Setting up the notebook

There are a few setup procedures that need to be followed before any code is written. In this step, we simply load a few python packages that will be necessary in the latery steps.



In [ ]:

    
# downloading packages:
!pip install wget pycroscopy



In [ ]:

    
# Ensure python 3 compatibility:
from __future__ import division, print_function, absolute_import, unicode_literals

# In case some of these packages are not installed, install them
#!pip install -U os wget numpy h5py matplotlib pycroscopy

# The package for accessing files in directories, etc.:
import os
import wget

# The mathematical computation package:
import numpy as np

# The package used for creating and manipulating HDF5 files:
import h5py

# Packages for plotting:
import matplotlib.pyplot as plt

# Finally import pycroscopy for certain scientific analysis:
import pycroscopy as px

# set up notebook to show plots within the notebook
% matplotlib inline

0. Select the Raw Data File:



In [ ]:

    
# download the data file from Github:
url = 'https://raw.githubusercontent.com/pycroscopy/pycroscopy/master/data/STS.asc'
data_file_path = 'temp.asc'
if os.path.exists(data_file_path):
    os.remove(data_file_path)
_ = wget.download(url, data_file_path)

1. Exploring the Raw Data File

Inherently, one may not know how to read these .asc files. One option is to try and read the file as a text file one line at a time.

It turns out that these .asc files are effectively the standard ASCII text files.

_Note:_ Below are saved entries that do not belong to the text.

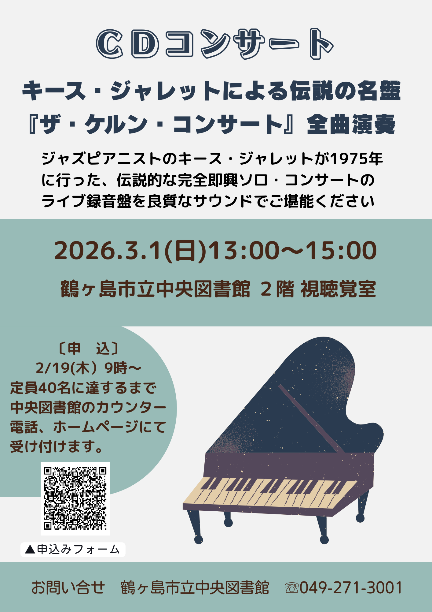 | 申込み | 2月19日(木曜日)9時~申込フォームまたは中央図書館のカウンター・電話にて受付 |
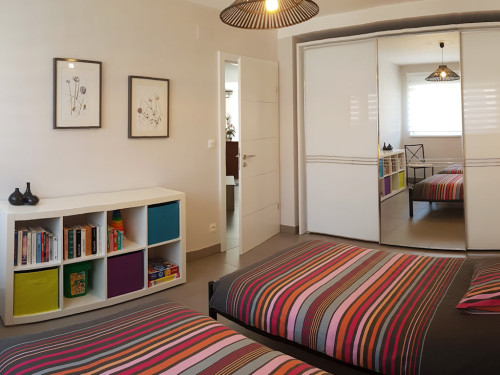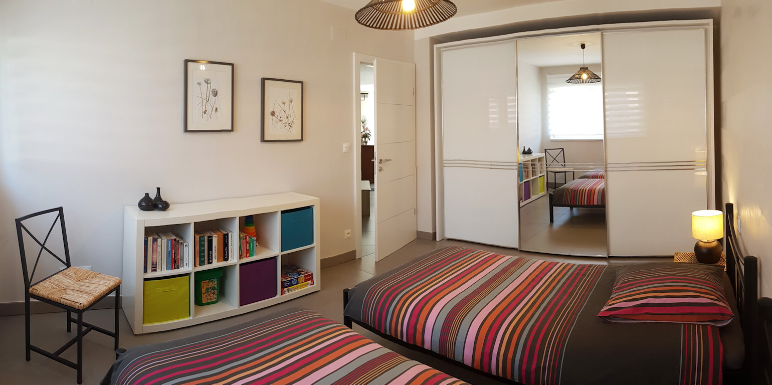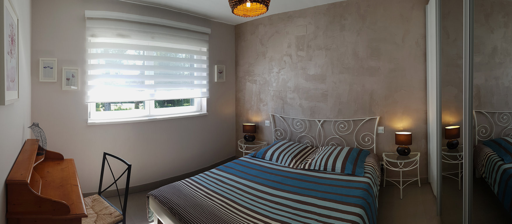 - 2 chambres, 1 avec 1 lit 2 personnes, l'autre avec 2 lits 1 personne
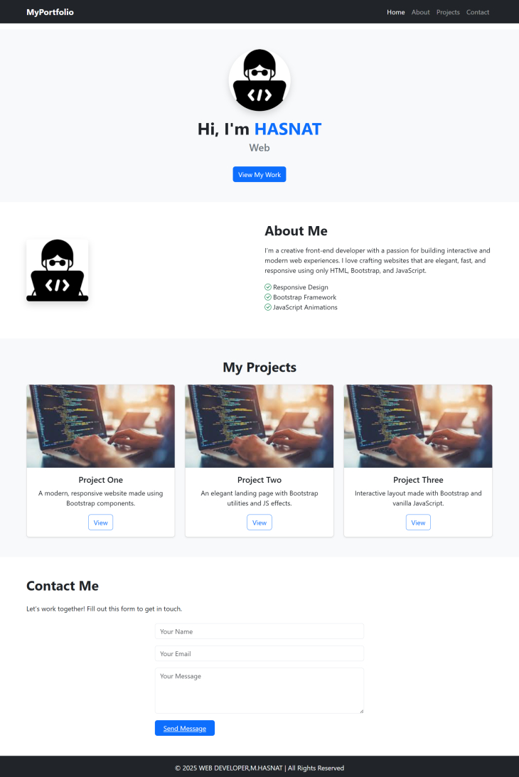 Hello! I’m a passionate Front-End Developer, and I specialize in creating **responsive**, **fast**, and **user-friendly websites**. Whether you need a **personal portfolio**, a **business website**, or a **landing page**, I’m here to bring your vision to life.
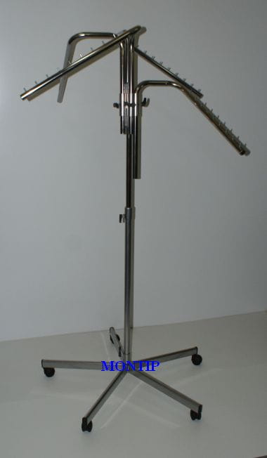 Stojak na odzież malowany na kółkach: - regulowany 2 punktowo: wysokość całkowita oraz regulacja każdego z ramion, - 3 ramiona skośne na 1 rurze - w każdym z ramion po 9 bolców do zawieszania Wymiar: Wysokość: od 140 cm do 180 cm Kolor: malowany na kolor srebrny (ramiona stojaka są chromowane galwanicznie)
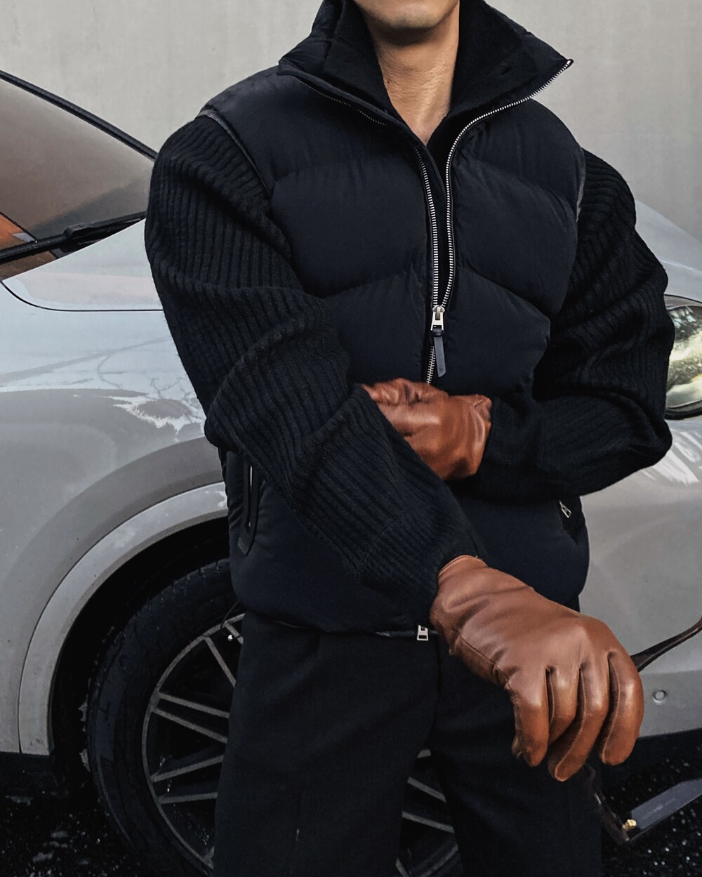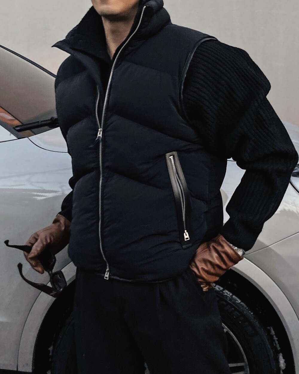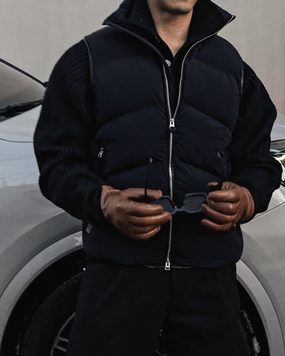 - 소매 끝부분, 지퍼 라인 가죽 마감 포인트

Here is how we tested to see if the asc files could be interpreted as text files. Below, we read just thefirst 10 lines in the file



In [ ]:

    
with open(data_file_path, 'r') as file_handle:
    for lin_ind in range(10):
        print(file_handle.readline())

2. Loading the data

Now that we know that these files are simple text files, we can manually go through the file to find out which lines are important, at what lines the data starts etc.

Manual investigation of such .asc files revealed that these files are always formatted in the same way. Also, they contain parameters in the first 403 lines and then contain data which is arranged as one pixel per row.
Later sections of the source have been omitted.